Table 4 Expected return and mortality under different polices
Fig. 4
figure 4

Comparison of learned strategies and the clinician strategy

Fig. 5
figure 5

The performance of different OPE estimators

Figure 4 plots the comparison between the final learned RL strategies and the clinician strategy. Every sub-figure shows the statistical sum of every discrete action on the test data set. The dosage of a drug corresponds to the frequency the corresponding action is selected by the strategy. The result in Fig. 5 shows the effectiveness of the proposed DW estimator in evaluating the performance of the learned policies.

Discussion

From the results, we can see that the treatment policy derived from \(reward_{3.0^++4.0}\) has the highest excepted return value, with a mortality that is about \(3.2\%\) lower than that of the clinician policy. This result confirms that the two indicators (PaO2 and PT) discovered by the MT component can play an important role during the treatment of sepsis patients. When these two indicators are excluded from \(reward_{3.0^++4.0}\) or the \(reward_{all}\) strategy, the mortality will increase by 1.9–5.9%. On the other hand, however, considering these two indicator only would also incur a mortality of \(14.7\%\), which suggests that the benefits of making a balance of treatment evaluation between short-term effect and long-term mortality.
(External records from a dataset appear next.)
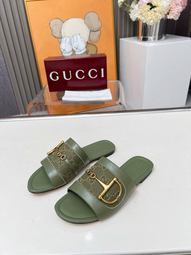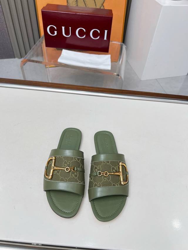 5169一106 G U C C I 最新爆款平跟凉鞋 专柜原版鞋开模制作。 原版五金饰扣 大牌明星最爱的奢侈品 多种经典颜色供选 面料:小牛皮配古奇经典老花布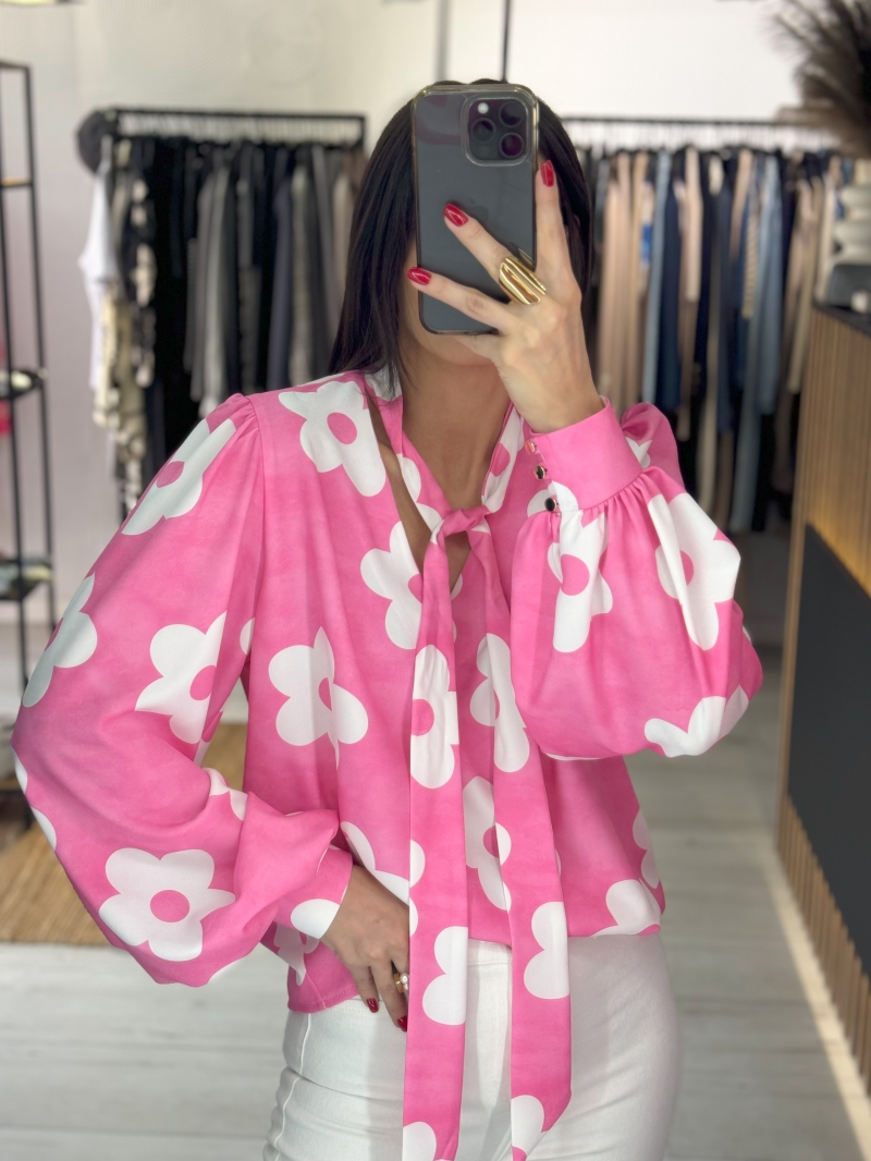 Дамска риза "КАТЕ"/ розова с бяло цвете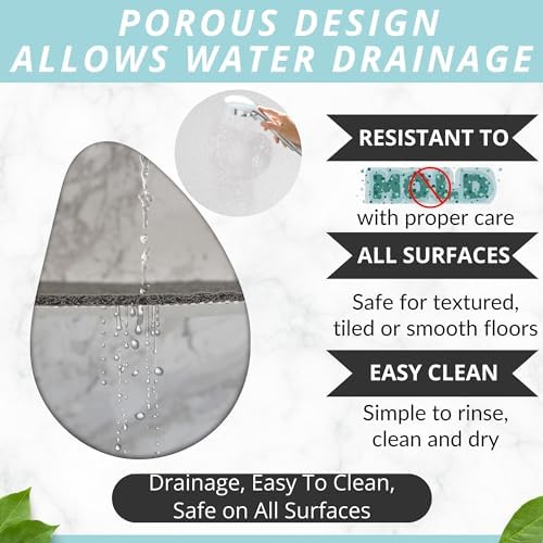 COMFORTABLE Indulge in a luxurious shower experience with our soft and secure High-Quality PVC loofah material, offering a gentle yet supportive surface for your feet. Its soft and cushiony properties provide a comfortable surface to stand on while showering, which can help reduce strain on your feet.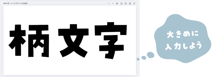 白いページの上に好きなテキストを黒で入力します。この黒い部分が柄になるよ。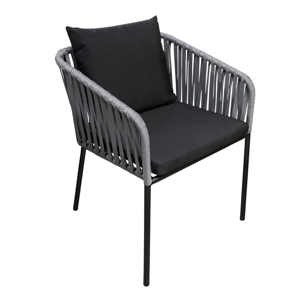 Outdoor chair, metal, anthracite structure, black slats, anthracite weave, 59.5x59.5xH77 cm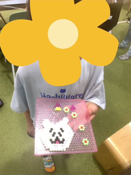 Aさんは「ちいかわ」が大好きで、一つ一つ丁寧にビーズを並べて制作しました。うまくいかないときも諦めず、やり直したり指導員に声をかけながら取り組み、最後まで完成させることができました!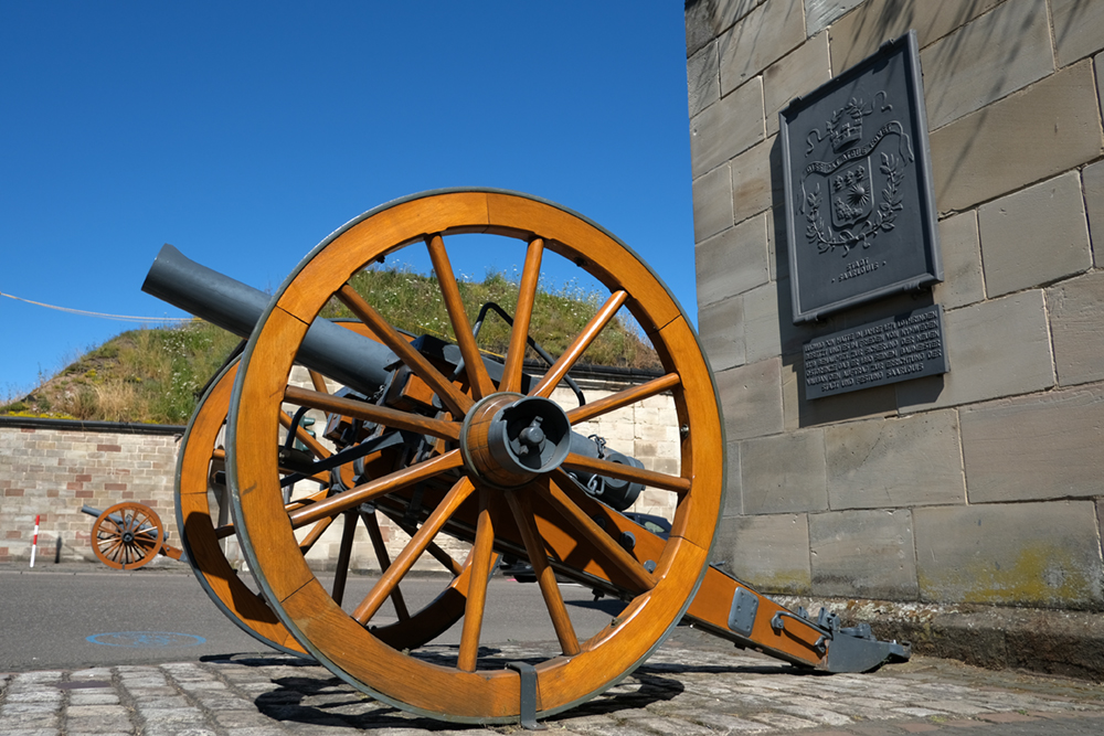 ザールルイの街に入ります。街の入り口には大砲があります。

From the action distribution map in Fig. 4, we can observe that the clinician applies a higher amount of drugs in order to save the patients and action (4, 3) (corresponding to a high dosage of IV and VP) appears in the highest frequency. However, strategies of other seven reward value functions consider that the (2, 2) (corresponding to a medium dosage of IV and VP) action is more appropriate. Generally, RL recommends 40% less amount of IV fluids and 35% less amount of VP than that by the clinician, which indicates that RL will take more comprehensive consideration of the patient’s state to take drug only when it is necessary.

In terms of evaluation robustness, the results show that the IS estimator has highest variance than other estimators, which is mainly caused by the excessive cumulative importance ratio between \(\pi _b\) and \(\pi _e\) for a long-horizon trajectory of sepsis patient. The variance using the proposed DW estimator is superior to all alternative estimators. The significant noise introduced in the data processing process and the RL process cause a bias of IS and significant variance of DR. While DWDR has raised the variance a bit compared to DW, its bias can be further reduced, which shows the benefits of blending DW and DR to sacrifice minor variance for a better performance in bias.

Conclusion

RL has been considered to be a promising solution to the discovery of novel treatment strategies that can potentially reduce the mortality of sepsis patients. To meet this commitment, however, more efficient and robust evaluation of the learning process as well as the final learned strategies must be properly addressed. Our work provides a critical insight that the combination of both inherent patterns in retrospective treatment data as well as the prior domain knowledge in clinical practice might be a promising way to achieve sound evaluation of treatments during learning. We also show that incorporating learning information in a longer horizon into the model estimation process helps improving the evaluation of final learned policies. Our methods have suggested some novel treatment strategies that are believed to be helpful in reducing the mortality. In our following step of work, we will conduct more comprehensive validation of our approach and seek its potential clinical applications in hospitals.